Knockdowns for each of the CBRs, as well as SKs and FB1 to inhibit CerS should be included. 

Author Response

Please see the attachment.

Author Response File: Author Response.pdf

Reviewer 2 Report (Previous Reviewer 2)

Comments and Suggestions for Authors

Jeremy and colleagues have reported an interesting relationship between cannabinoid-mediated death of colorectal cancer through their titled manuscript, “Cannabinoid-induced immunogenic cell death of colorectal cancer cells through de novo synthesis of ceramide is partially mediated by CB2 receptor”. In this article, it was focussed on ceramide (Cer)-facilitated immunogenic cell death and proposing a mechanism of 5-epi-induced-Cer accumulation activated by CB2 receptors. Authors also stressed the importance of ceramide synthase 4, a key factor in immunogenic cell death (ICD). Authors proposed de novo sphingolipid synthesis pathway (Figure 3A). The work has been revised adequately to be publishable grade. The manuscript has all the components and figures and research supported by the literature mentioned in the introduction section. References are updated and results are discussed adequately. 

 However, minor corrections are to be addressed as mentioned below:-

1.     Authors employed the racemic mixture (±) 5-epi CP 55,940. Is there any chiral resolution of the racemic mixture was conducted to separate isomers of this compound? It is imperative to know which isomer is more active and responsible for the induction of ICD. Since it is a synthetic cannabinoid, the chiral separation is quite possible. Authors should comment on this.

2.Line-117: six well plates or ninety-six well plates?

 

Author Response

Please see the attachment.

Author Response File: Author Response.pdf

This manuscript is a resubmission of an earlier submission. The following is a list of the peer review reports and author responses from that submission.

Round 1

Reviewer 1 Report

Comments and Suggestions for Authors

The authors set out to extend their previous work demonstrating a role for sphingolipids in ICD.  They demonstrate that the synthetic cannabinoid 5-epi, induces  ICD in several cell lines and implicate de novo sphingolipid synthesis in this process.  However, there are several significant weaknesses that need to be addressed in the manuscript. 

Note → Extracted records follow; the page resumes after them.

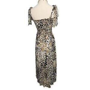 La Ligne 100% silk tie strap leopard print smocked midi dress size large L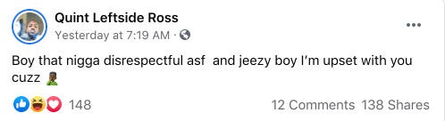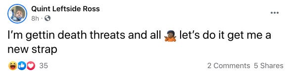 Quint “Leftside” Ross, Pookie Loc’s son, took to Facebook to share that he’s been targeted by social media trolls following the competition. “I’m gettin death threats and all,” Ross wrote. “Let’s do it. Get me a new strap.”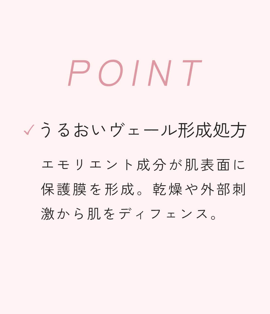 ・保護ヴェールを形成してうるおいをしっかりキープし、肌のバリア機能をサポート。

Figure 1B demonstrates the roles for CB1 and CB2 in ectoCRT exposure using inverse agonists and antagonists.  They conclude that "these results indicate that 5-epi induces the production of ectoCRT via agonism of CB2 and, possibly, CB1.  This conclusions would be better supported with additional experiments using cells with knockdown or knockout of the CB receptors. Especially given the difference in response with 10uM SR141716 in Figure 1 B and C. 

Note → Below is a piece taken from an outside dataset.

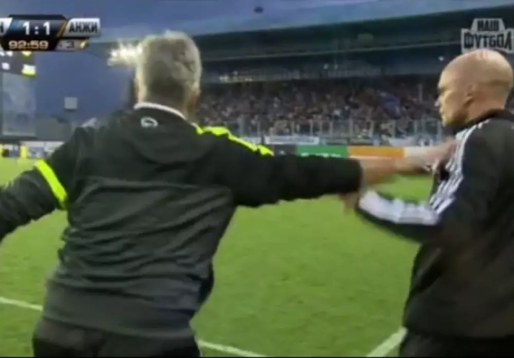 Неприятный инцидент произошел в концовке матча "Анжи" - "Динамо" (Москва). При ничейном результате, уже в добавленное время в ворота "Анжи" был назначен пенальти. Голландский тренер возмутился решением судьи и попытался выйти на поле, толкнув резервного арбитра, который его удерживал.

The authors use 20uM myriocin in Figure 3.  This is an excessive and inappropriate dose of the SPT inhibitor, as it works in the nM range.  These experiments should be repeated with appropriate doses to rule out off target effects.  Similarly, L-cycloserine has been shown to inhibit generation of sphingolipids in the 10-50uM range.  Data demonstrating that these inhibitors are decreasing sphingolipid generation are necessary to support their conclusion that "that de novo synthesis is required for CB-induced cell death." PF543 also inhibits SphK1 in the low nM range.  

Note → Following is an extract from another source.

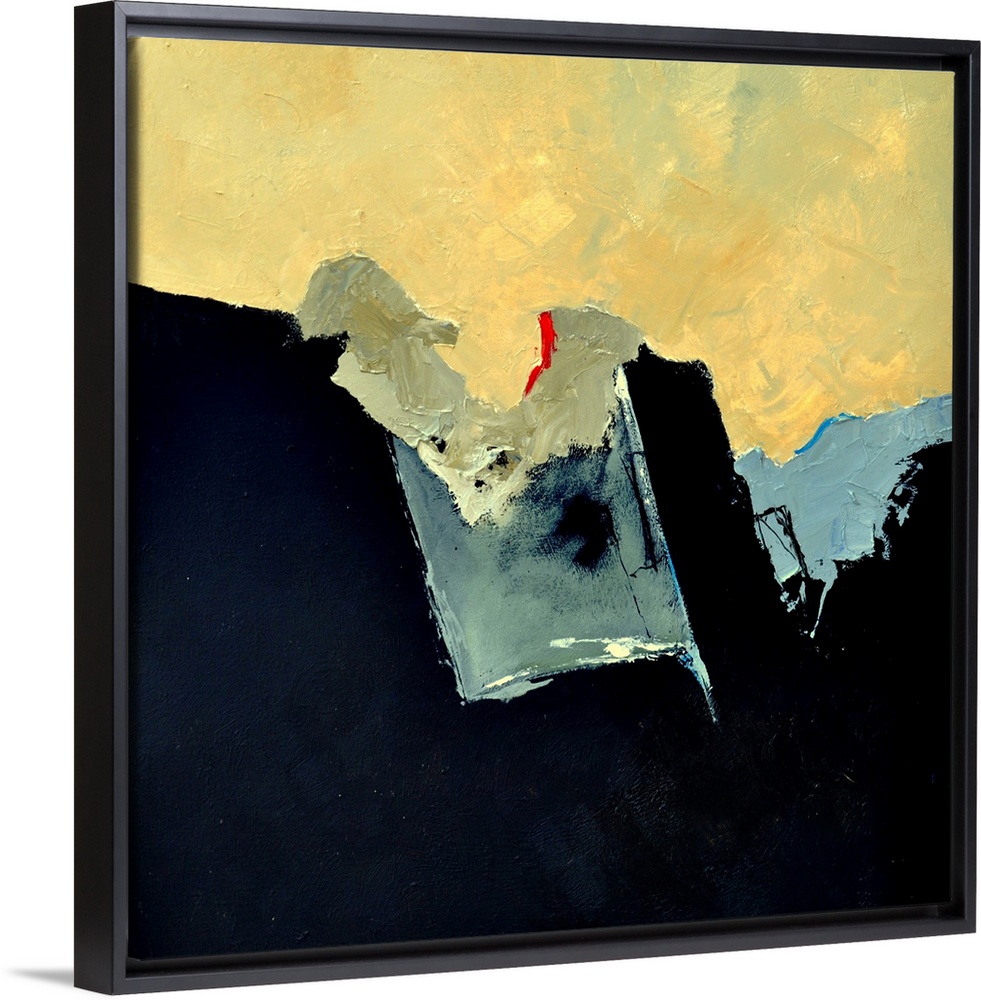 <p>A square abstract painting of colors of black, gray and yellow with hints of red in textured brush strokes and splattered paint.</p>

There are no statistics included in Figure 4B to support the authors statement that "Compared to wild-type DLD-1 cells, only CerS4 and to a lesser extent CerS2 over-expression resulted in increased cell surface exposure of ectoCRT. These results were consistently observed over a range of 5-epi and CBD doses increasing the likelihood that CerS4 and possibly CerS2, are responsible for cell surface exposure of ectoCRT (Figure 4B)."  Moreover the data in CerS1, CerS2, CerS5 and Cers6 OE cells are nearly identical making the conclusion that CerS2 may be involved unlikely or hard to justify based on the data in the other overexpressing cell lines.  In addition CerS4 expression is very low in CRC cells.  Studies using knockdown or knockout for each of the CerS would be better suited to determine the role of specific CerS enzymes.  These data are further over-concluded with the statement "However, at very low doses of 5-epi, CerS4 over-expression appears to be sufficient for enhancement of ectoCRT production suggesting that C20 Cer species are responsible for the observed effects (Figure 4D)." The data that are included are fold-change and absolute values should be included. 

   

 

 

Author Response

PLEASE SEE THE ATTACHMENT

 

 

 

Author Response File: Author Response.docx

Reviewer 2 Report

Comments and Suggestions for Authors

Jeremy and co-workers presented an article titled, “Cannabinoid-induced immunogenic cell death of colorectal cancer cells through de novo synthesis of ceramide is partially mediated by CB2 receptor”. The authors demonstrated the relationship between cannabinoid (5-epi) induced ceramide (Cer) that subsequently facilitates immunogenic cell death in colorectal cancer cell lines. Further, the authors investigated the participating mechanism of 5-epi-induced-Cer accumulation through the involvement of CB2 receptors, via sphingolipids and found that ceramide synthase 4, a key factor is also required in the process of 5-epi-induced immunogenic cell death (ICD). The de novo sphingolipid synthesis pathway has been shown in Figure 3A is quite appreciable. The work is very interesting and advances the present knowledge to the related research fields.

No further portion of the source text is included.